TO DO ▸
When you reach the line that contains "Recycled paper folding", begin copying exactly and continue through the last line below. Do not copy pictures.

INFORMATION SHOWN ▸
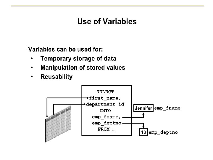 Use of Variables • Temporary storage: You can use the value stored in these variables for processing and manipulating the data • Variables are mainly used for storage of data and manipulation of stored values. Consider the SQL statement shown in the slide. The statement retrieves the first_name and department_id from the table. If you have to manipulate the first_name or the department_id , then you have to store the retrieved value. • Reusability is another advantage of declaring variables. After they are declared, variables can be used repeatedly in an application by referring to them in the statements.
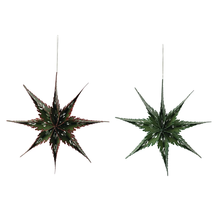 Recycled paper folding snowflake ornament with glitter edge. Available in 2 sizes ( 18″ or 12″) and also available with red or green glittered edge.
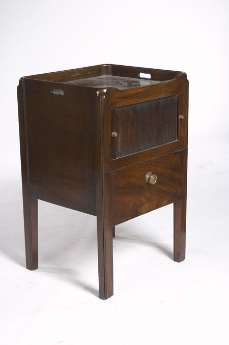 the tray top with inlet handles above a tambour door and sliding commode drawer, on square tapering legs, requiring restoration

EXERCISE RESULT ▸
 Recycled paper folding snowflake ornament with glitter edge. Available in 2 sizes ( 18″ or 12″) and also available with red or green glittered edge.
 the tray top with inlet handles above a tambour door and sliding commode drawer, on square tapering legs, requiring restoration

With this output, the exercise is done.